Uzun çalışma süreleri işçinin ömründen çalıyor
Sinbo ve SML Etiket direnişleri 4. ayında
Tarihsel TKP’nin Kadrocu inkârı / 2 - H. Fırat
Bielefeld’de “Özgür Filistin” eylemi
İsrail saldırısının ardından…
İklim değişikliği ve “yeşil kapitalizm”
Dünyadan grev ve eylemler
BİR-KAR’dan dayanışma çağrıları
Ticarileşen eğitimde fırsat eşitsizliği büyüyor
Devrimciler ölmez, devrim davası yenilmez!
Bu sayının PDF formatını download etmek için tıklayın

 

 

BİR-KAR’dan SML direnişiyle dayanışma çağrıları

 

Uluslararasılaşan kapitalist tekellerin arkalarına aldıkları devlet gücüyle işçilerin en temel haklarına karşı sürdürdükleri pervasızca saldırılarını boşa çıkartacak yegane güç işçi sınıfının uluslararası birlik ve dayanışmasıdır.

Grevli toplu sözleşmeli sendikal hakları için direnen SML işçileriyle başlattığımız enternasyonal dayanışma çalışmalarımızı bu perspektifle sürdürüyoruz.

Pandemi koşullarına ve SML patronlarının devletin kolluk güçlerini de arkalarına alarak estirdikleri teröre boyun eğmeden üç ayı geride bırakan direnişçi SML ve Sinbo işçileriyle başlattığımız enternasyonal dayanışma çalışmamız devam ediyor.

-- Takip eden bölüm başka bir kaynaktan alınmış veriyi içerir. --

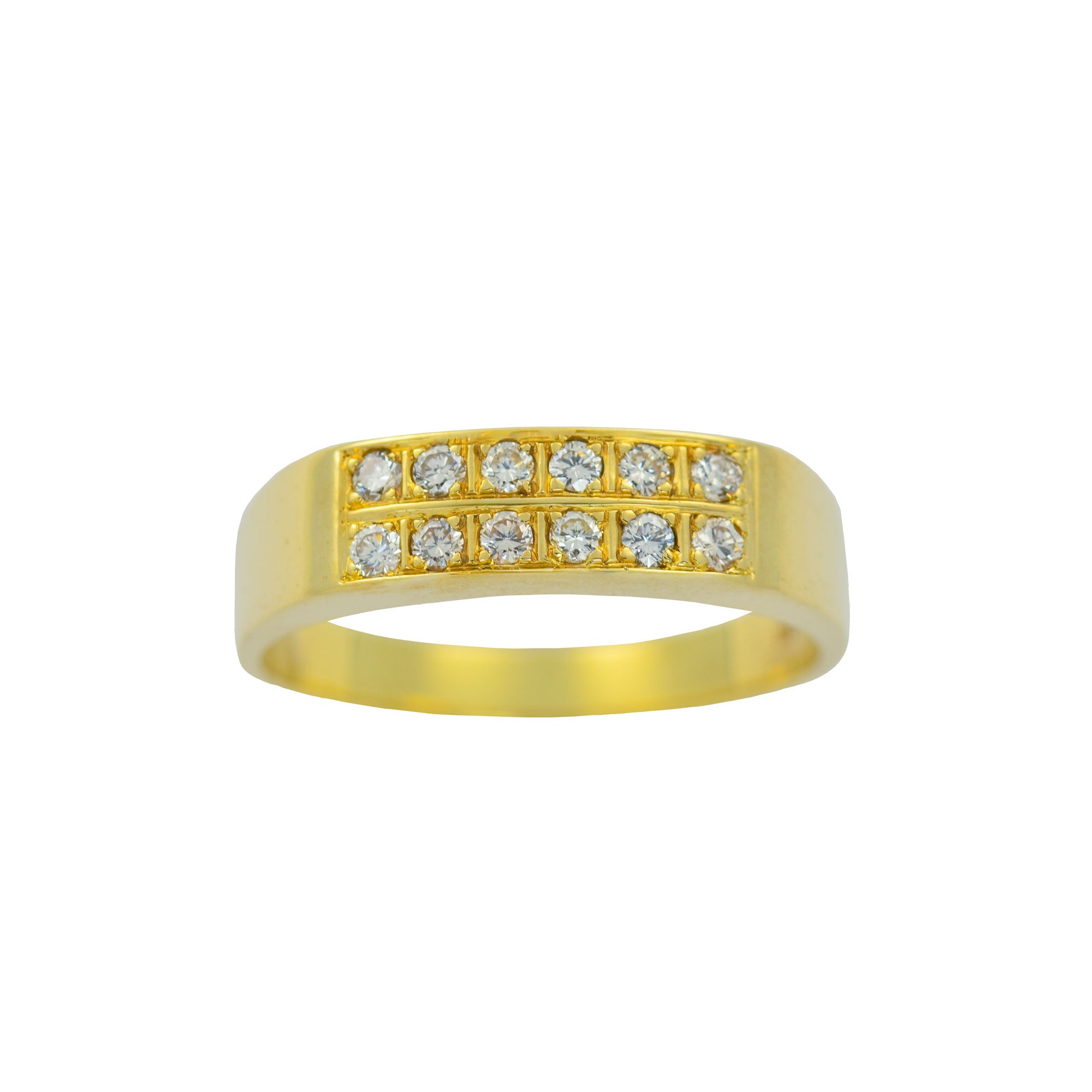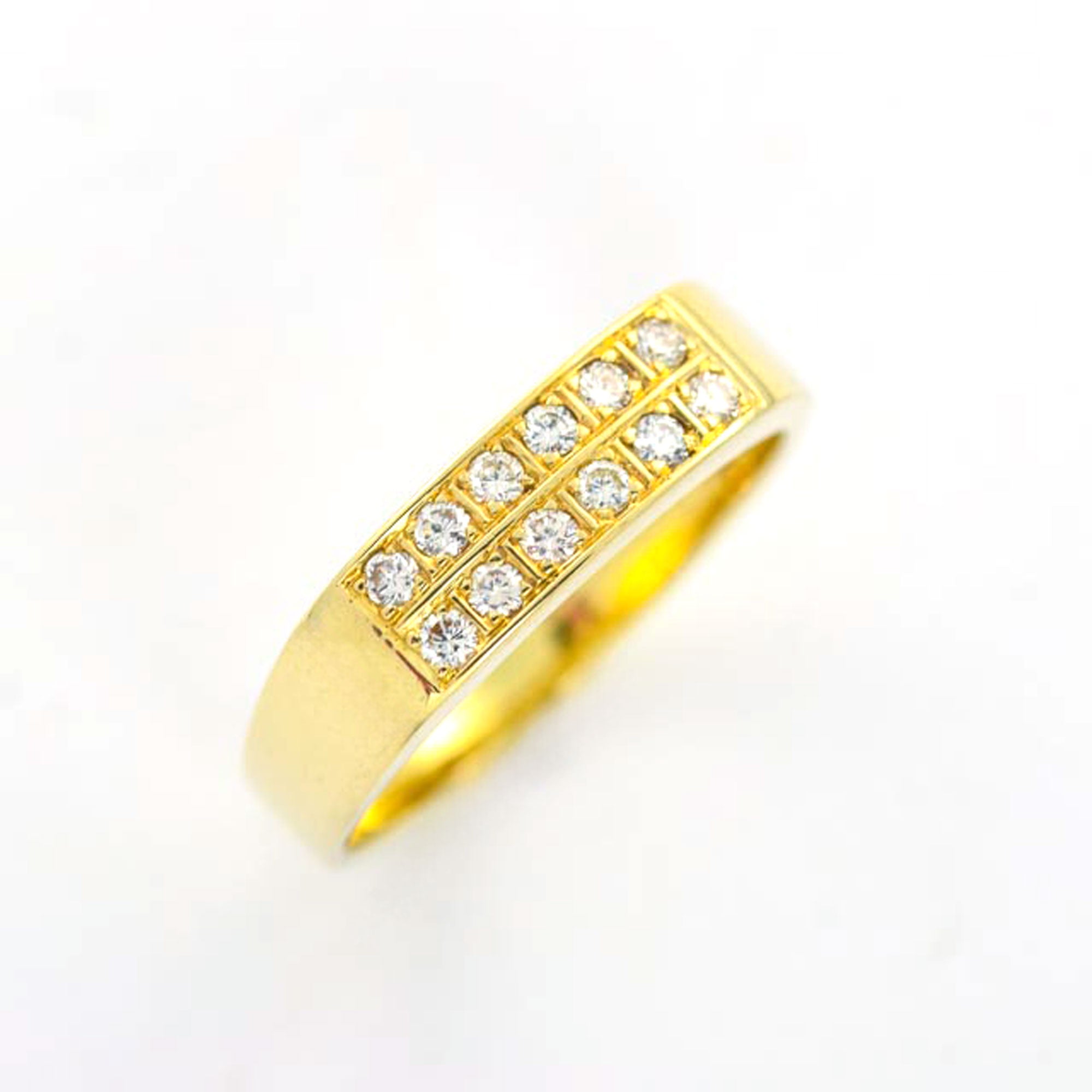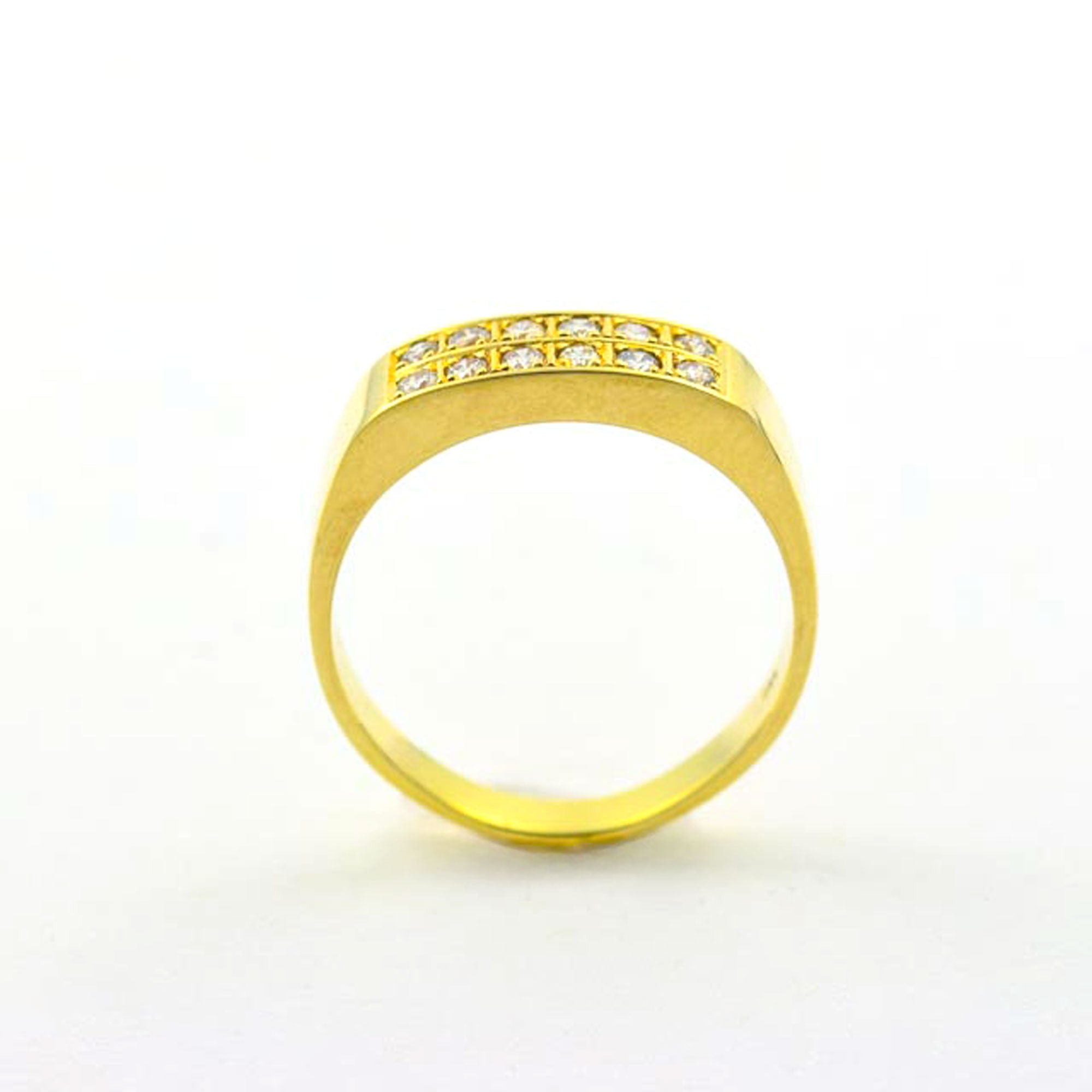 Bei dem Schmuckstück handelt es sich um einen Ring aus 585 Gelbgold mit zwölf Brillanten von zusammen ca. 0,18 ct in der Qualität Weiß mit sehr kleinen Einschlüssen (W/vs).

Dayanışma faaliyetlerimizin bir parçası olarak 22 Mayıs cumartesi günü Stuttgart merkezinde bilgilendirme satandı açtık.

Stand faaliyetinde, “Türkiye’deki direnişçi tekstil işçileriyle enternasyonal dayanışmaya!” pankartının yanı sıra, hazırladığımız dövizlerle SML Etiketin üretim yaptığı Mango, Decathlon, Zara, H&M ve Tommy Hilfiger firmaların işçilerin grevli-toplu sözleşmeli sendikal haklarına riayet etmesi gerektiğine işaret ettik. Ayrıca “Avrupa’daki ilerici sendikaları, demokratik kitle örgütü ve partileri tekstil işçilerinin mücadelesiyle dayanışma açıklaması yaparak bu durumu protesto etmeye çağırıyoruz. Başka şirketlerin işçisi bu firmaların ise müşterisi olan tüketici-işçi arkadaşlarımızı da bu firmaları protesto ederek eyleme destek vermeye çağırıyoruz… Unutmayalım ki bu ülkelerdeki düşük işçi ücretleri emperyalist metropollerdeki işçi ücretleri ve hakları üzerinde bir baskı aracı olarak kullanılıyor.” çağrısının yer aldığı bildirinin Almancasını dağıtarak, direnişçi işçilerin sesini güçlendirmeye çalıştık.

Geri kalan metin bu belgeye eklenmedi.